*** Block opens ***
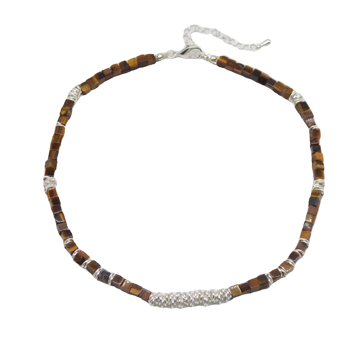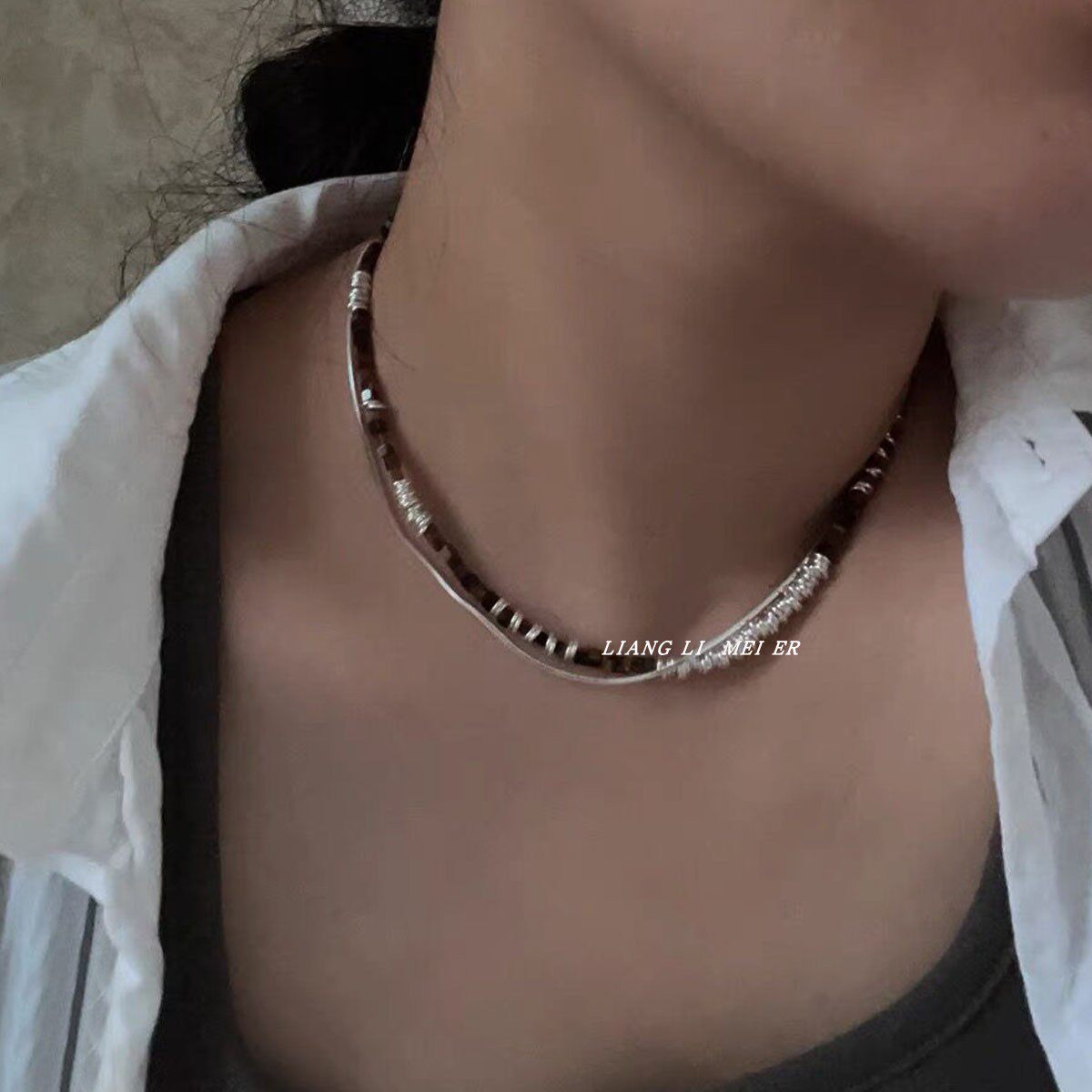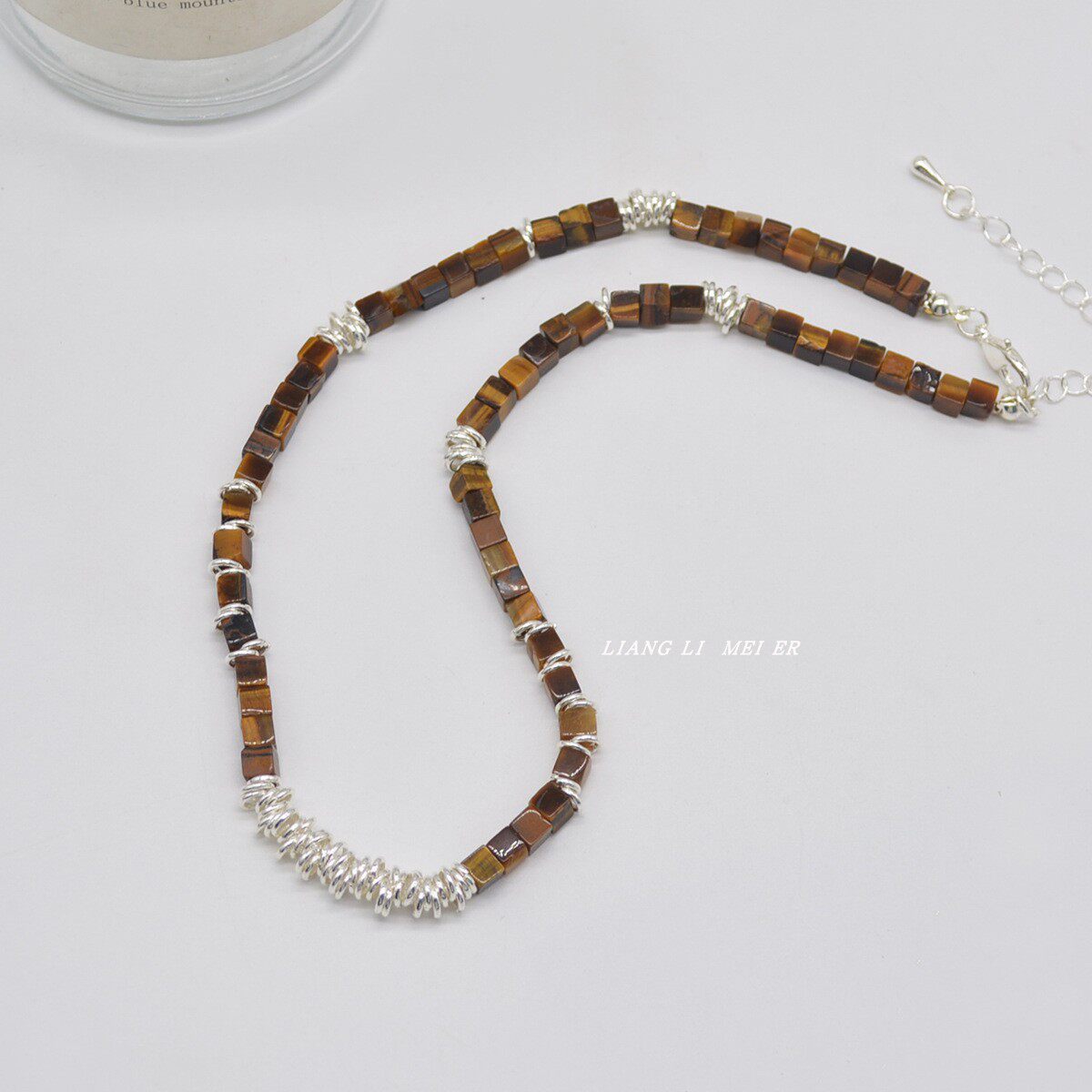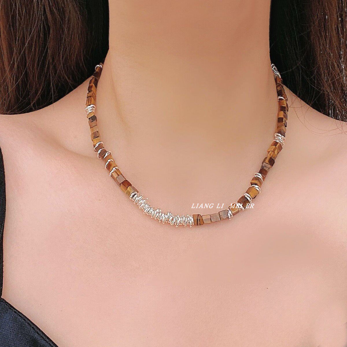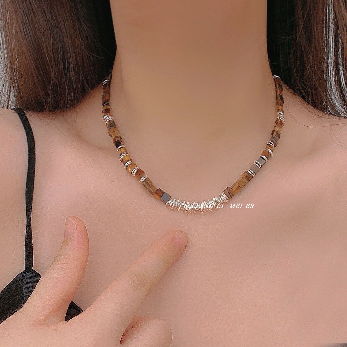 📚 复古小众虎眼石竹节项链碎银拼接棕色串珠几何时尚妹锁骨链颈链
*** Block closes ***
*** Block opens ***
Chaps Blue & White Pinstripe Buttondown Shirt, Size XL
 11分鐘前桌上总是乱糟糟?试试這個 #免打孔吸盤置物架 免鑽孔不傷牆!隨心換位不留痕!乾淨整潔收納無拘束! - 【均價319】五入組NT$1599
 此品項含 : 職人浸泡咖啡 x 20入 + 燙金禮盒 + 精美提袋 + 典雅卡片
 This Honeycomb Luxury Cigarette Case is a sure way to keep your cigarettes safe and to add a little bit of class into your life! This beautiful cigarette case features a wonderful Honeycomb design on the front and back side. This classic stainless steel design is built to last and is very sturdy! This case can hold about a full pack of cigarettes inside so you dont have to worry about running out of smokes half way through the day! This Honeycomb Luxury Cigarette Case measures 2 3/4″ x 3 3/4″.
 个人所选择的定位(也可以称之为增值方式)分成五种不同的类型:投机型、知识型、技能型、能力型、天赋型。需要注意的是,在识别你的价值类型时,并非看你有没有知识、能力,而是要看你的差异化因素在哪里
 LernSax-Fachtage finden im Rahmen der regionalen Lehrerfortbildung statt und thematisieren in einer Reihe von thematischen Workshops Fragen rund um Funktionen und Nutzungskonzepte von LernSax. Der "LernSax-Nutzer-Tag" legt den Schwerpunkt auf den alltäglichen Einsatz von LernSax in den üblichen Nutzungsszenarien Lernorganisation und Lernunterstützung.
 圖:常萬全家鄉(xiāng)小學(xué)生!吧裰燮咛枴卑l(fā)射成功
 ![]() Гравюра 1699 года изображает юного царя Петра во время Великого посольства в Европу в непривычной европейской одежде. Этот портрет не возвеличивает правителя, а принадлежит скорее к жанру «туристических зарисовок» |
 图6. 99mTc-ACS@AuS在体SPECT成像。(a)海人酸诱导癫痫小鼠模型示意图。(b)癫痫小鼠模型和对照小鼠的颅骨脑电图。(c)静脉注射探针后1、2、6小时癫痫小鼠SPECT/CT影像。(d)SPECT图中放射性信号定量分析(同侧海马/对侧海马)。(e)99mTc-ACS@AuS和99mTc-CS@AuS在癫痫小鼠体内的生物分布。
*** Block closes ***
*** Block opens ***
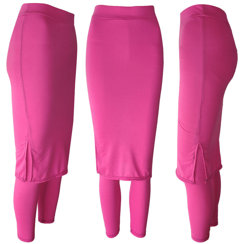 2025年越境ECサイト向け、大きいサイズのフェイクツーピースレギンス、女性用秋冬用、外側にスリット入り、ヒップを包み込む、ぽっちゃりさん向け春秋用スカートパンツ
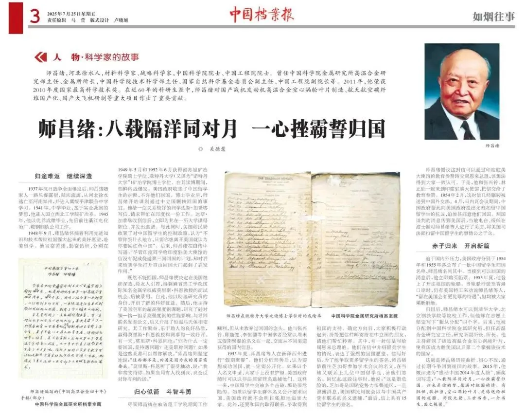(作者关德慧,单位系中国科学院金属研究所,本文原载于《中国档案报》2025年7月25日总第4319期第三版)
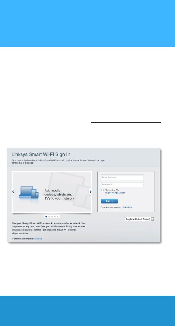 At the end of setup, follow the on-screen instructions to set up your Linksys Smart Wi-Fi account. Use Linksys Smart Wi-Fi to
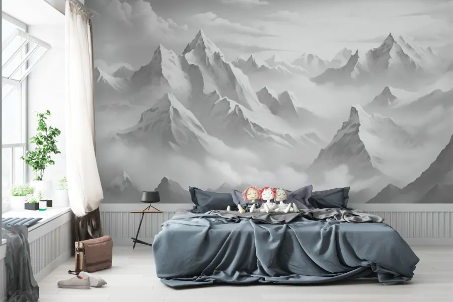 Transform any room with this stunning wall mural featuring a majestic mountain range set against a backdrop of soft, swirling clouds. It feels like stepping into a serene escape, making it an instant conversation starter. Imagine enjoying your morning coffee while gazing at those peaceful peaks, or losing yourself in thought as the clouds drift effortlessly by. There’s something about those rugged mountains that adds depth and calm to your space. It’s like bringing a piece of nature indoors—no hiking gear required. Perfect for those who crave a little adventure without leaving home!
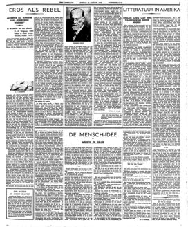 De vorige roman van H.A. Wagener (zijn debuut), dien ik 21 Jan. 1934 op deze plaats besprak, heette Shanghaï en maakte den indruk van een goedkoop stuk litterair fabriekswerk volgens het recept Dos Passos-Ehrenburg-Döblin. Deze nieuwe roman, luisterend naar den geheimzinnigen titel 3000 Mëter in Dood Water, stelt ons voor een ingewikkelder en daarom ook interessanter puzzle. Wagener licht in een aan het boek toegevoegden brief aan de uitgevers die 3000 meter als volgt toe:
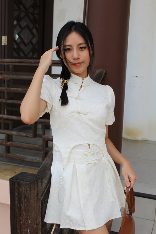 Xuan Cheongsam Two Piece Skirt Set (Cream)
*** Block closes ***
| WORK ORDER |
Within the listing above, find the line containing "2025年越境ECサイト向け" and the line containing "At the end of". Transcribe them and everything between them exactly, leaving out the pictures.

| RESPONSE AREA |
 2025年越境ECサイト向け、大きいサイズのフェイクツーピースレギンス、女性用秋冬用、外側にスリット入り、ヒップを包み込む、ぽっちゃりさん向け春秋用スカートパンツ
(作者关德慧,单位系中国科学院金属研究所,本文原载于《中国档案报》2025年7月25日总第4319期第三版)
 At the end of setup, follow the on-screen instructions to set up your Linksys Smart Wi-Fi account. Use Linksys Smart Wi-Fi to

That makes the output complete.